- [Problem to solve] Retype the entries below exactly, dropping the images.

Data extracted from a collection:
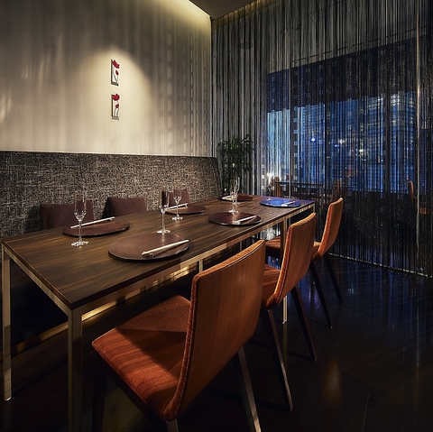 【6~12名様までご利用可能の個室】汐留の美夜景を一望出来るモダンな個室もございます。大人数でのご利用が可能な個室です。とても人気となっておりますので、お早目のご予約をオススメしております。
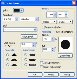 W opcjach "pióro konturu" masz możliwość zmiany narożnika oraz zakończenia.
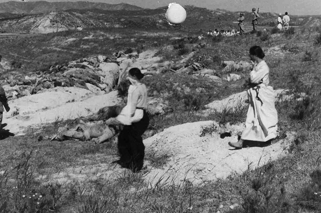 ❸ 미군은 대전형무소 학살 모습을 동영상으로 찍었다. 이 사진은 동영상 가운데 일부분인데, 전갑생 선생이 제공해주었다. 고마움을 표한다. RG 111-ADC-8405, National Archives Ⅱ 소장. 김득중 제공
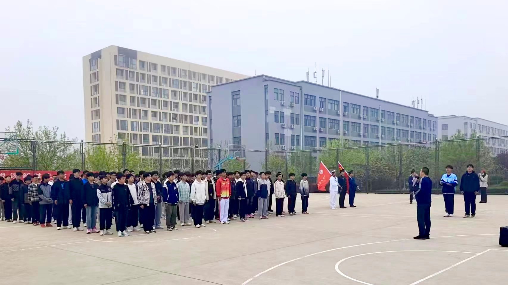为庆祝中国人民解放军海军成立75周年,4月23日,15vip太阳成集团在北苑操场开展参军入伍主题宣讲。15vip太阳成集团班级骨干和师生代表150余人参加。
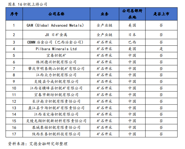 目前,在鉭鈮行業(yè)上游,全球大型公司包括GAM(Global Advanced Metals)、JX日礦金屬、CBMM冶金公司(巴西冶金公司)等。國內(nèi)公司包括宜春鉭鈮礦、株洲德興鉭鈮有限公司、肇慶市明泰衡山鉭鈮礦有限公司等。公開資料顯示,目前上游公司多數(shù)未上市。
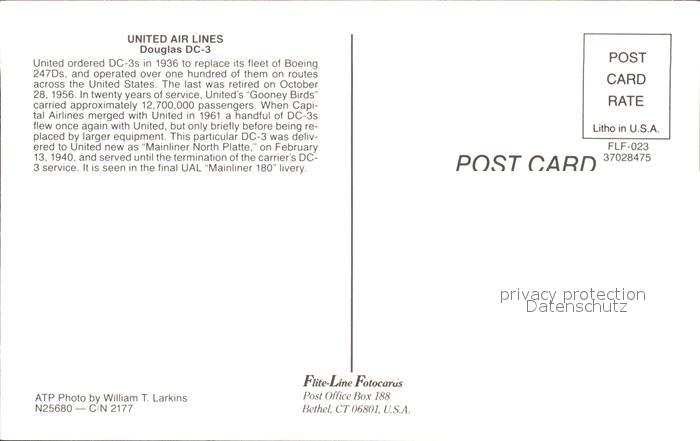 Flugzeuge Zivil United Air Lines Mainliner 130 Douglas DC-3 N25680 c/n 2177 postalisch nicht gelaufen Erhaltung siehe scans
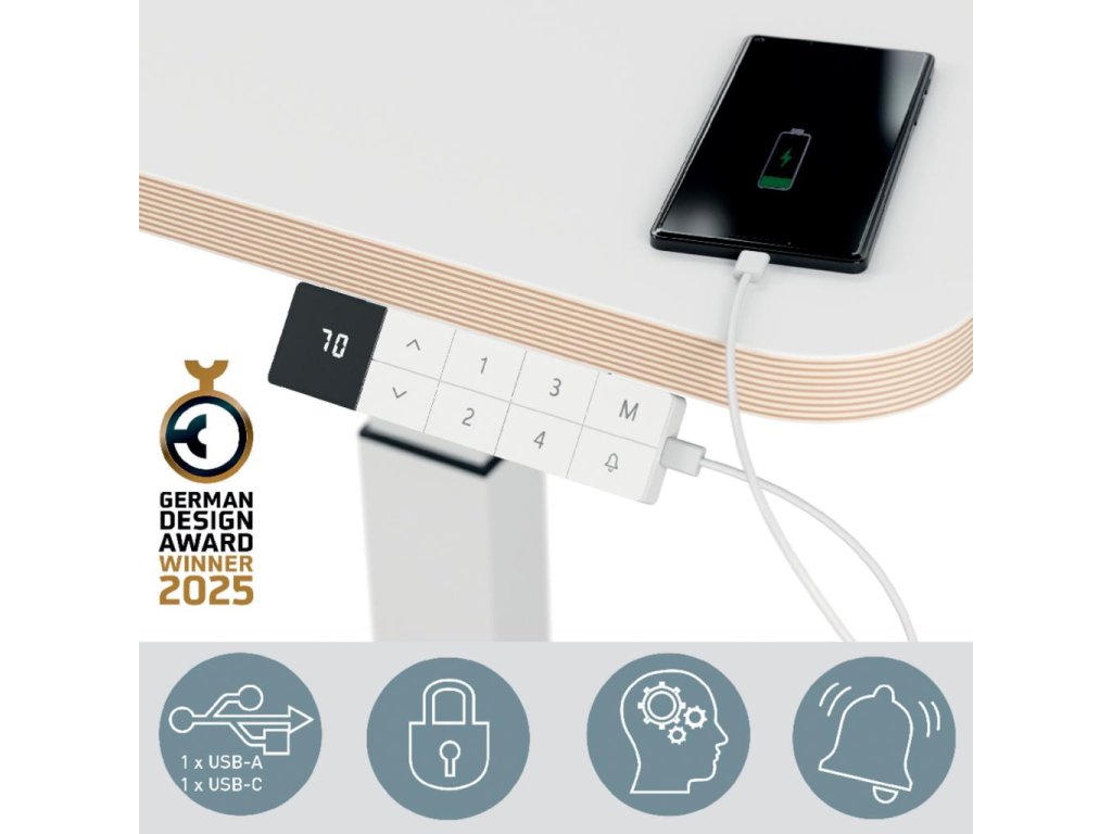 Jednoduchá manipulácia vďaka slúchadlu so 4 pamäťovými funkciami, pripomenutie státia, antikolizná a detská poistka, ochrana proti prehriatiu, 5V USB-C a USB port, obrazovka s výškou displeja)

- [Reply to the task]
 【6~12名様までご利用可能の個室】汐留の美夜景を一望出来るモダンな個室もございます。大人数でのご利用が可能な個室です。とても人気となっておりますので、お早目のご予約をオススメしております。
 W opcjach "pióro konturu" masz możliwość zmiany narożnika oraz zakończenia.
 ❸ 미군은 대전형무소 학살 모습을 동영상으로 찍었다. 이 사진은 동영상 가운데 일부분인데, 전갑생 선생이 제공해주었다. 고마움을 표한다. RG 111-ADC-8405, National Archives Ⅱ 소장. 김득중 제공
为庆祝中国人民解放军海军成立75周年,4月23日,15vip太阳成集团在北苑操场开展参军入伍主题宣讲。15vip太阳成集团班级骨干和师生代表150余人参加。
 目前,在鉭鈮行業(yè)上游,全球大型公司包括GAM(Global Advanced Metals)、JX日礦金屬、CBMM冶金公司(巴西冶金公司)等。國內(nèi)公司包括宜春鉭鈮礦、株洲德興鉭鈮有限公司、肇慶市明泰衡山鉭鈮礦有限公司等。公開資料顯示,目前上游公司多數(shù)未上市。
 Flugzeuge Zivil United Air Lines Mainliner 130 Douglas DC-3 N25680 c/n 2177 postalisch nicht gelaufen Erhaltung siehe scans
 Jednoduchá manipulácia vďaka slúchadlu so 4 pamäťovými funkciami, pripomenutie státia, antikolizná a detská poistka, ochrana proti prehriatiu, 5V USB-C a USB port, obrazovka s výškou displeja)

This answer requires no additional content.